Рассказ Евгении Добровой “На рояле играл дождь” начинается жутковатой фразой, претендующей на то, чтобы врезаться в сознание читателя: “Мои самые ранние детские воспоминания неразрывно связаны с кладбищем”. Все просто — в деревне, где живет юная героиня, кладбище — единственное цивилизованное место, где можно гулять. Кладбище вместо детской площадки. Какими глазами смотрит эта девочка на портреты умерших, памятники, обелиски, звезды, кресты? Без страха, без сожаления. Срисовать виньетки с памятника, чтобы украсить песенник. Съесть конфетку с могилы, потому что конфеты — дефицит. Евгения Доброва умело фиксирует детали, с одной стороны, передающие обыденность смерти, с другой — показывающие особенность детского сознания — сон разума, бытие без погружения в себя. Опыт взросления в текстах липкинцев “новой волны” — это почти всегда опыт распада семьи: папа ушел от мамы и сразу стал героем детских грез. В сборнике “уходящий папа” дважды сравнивается с Дедом Морозом — в рассказе Алины Дадаевой “Папа” и в рассказе Евгении Хавториной “Так взрослеют”. Алина Дадаева тоже в каком-то смысле пишет о смерти: смерти мечты. Один мальчика увидел, что Дед Мороз — это на самом деле его папа, а другому — только показалось, что актер, исполняющий Деда Мороза, похож на давно ушедшего из семьи отца. В обоих случаях нелепая ошибка оборачивается первой детской трагедией, потерей веры в чудо. Такое простое, нормальное, необходимое чудо — семью.

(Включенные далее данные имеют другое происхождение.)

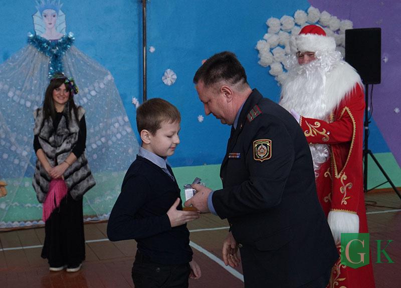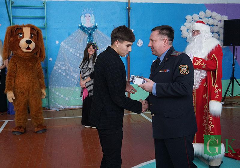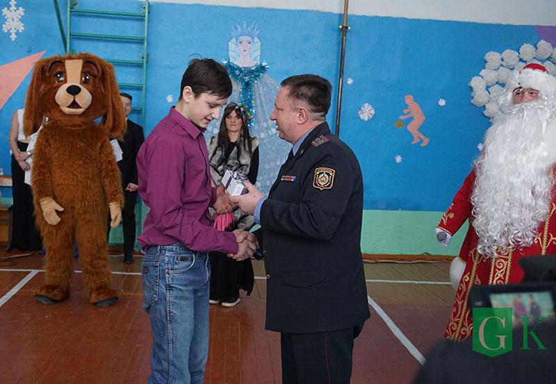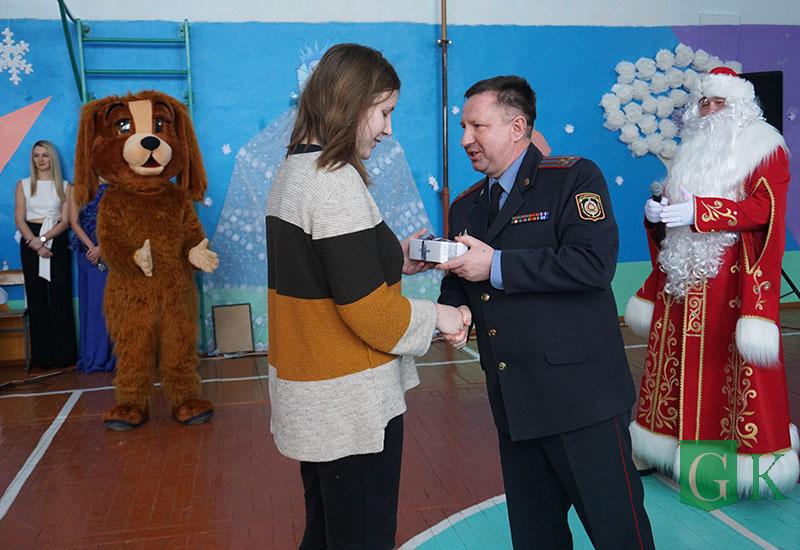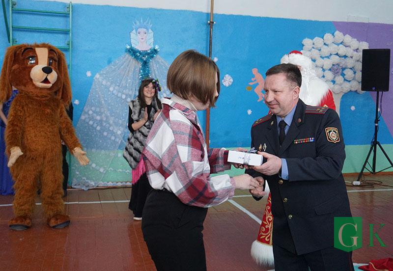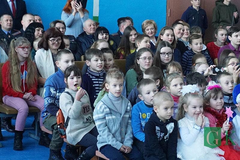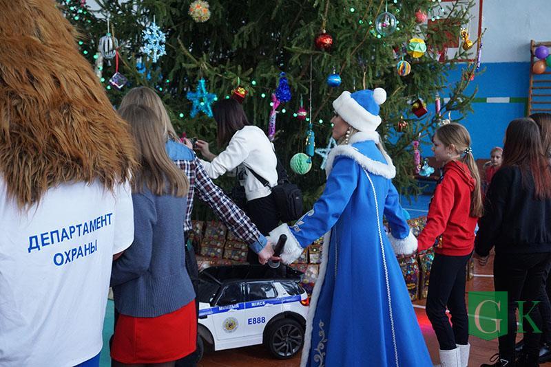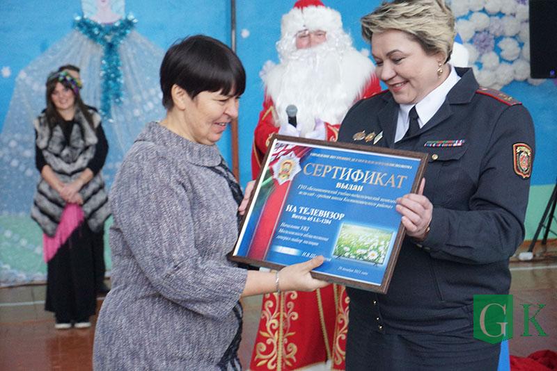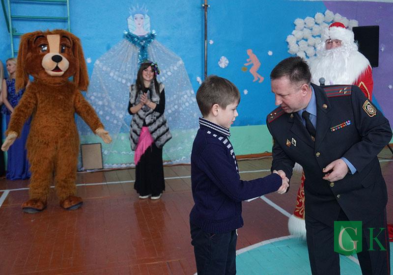 УВД Могилевщины презентовало школе телевизор, а сотрудники Департамента охраны МВД подготовили праздничное представление «В поисках Нового года».

В этом контексте очень интересное прочтение получает притча? сказка? Алексея Ряскина “Июнь”: рай — это место, где папа всегда с тобой. Когда начинающий, да и не только начинающий писатель пытается специально выразиться так, чтобы красиво получилось, на поверку часто получается форменное безобразие (Например, текст Якова Гимельштейна “Прекрасная Елена”, этакая “Лолита” наоборот). Молодые писатели об этом знают и выдавливают из своих текстов красивость, как говорится, по капле. Алексей Ряскин — из тех, кто не боится красоты. Его текст — “ткань”, кружево рассуждений о творении мира и о смысле бытия, заставляют вспомнить Платонова и евангельскую притчу о плевелах и пшенице. Где-то в подтексте (хочется сказать — в аккомпанементе) звучат христианские ассоциации: волшебный (не райский ли?) сад, отец и сын, говорящие о самом главном.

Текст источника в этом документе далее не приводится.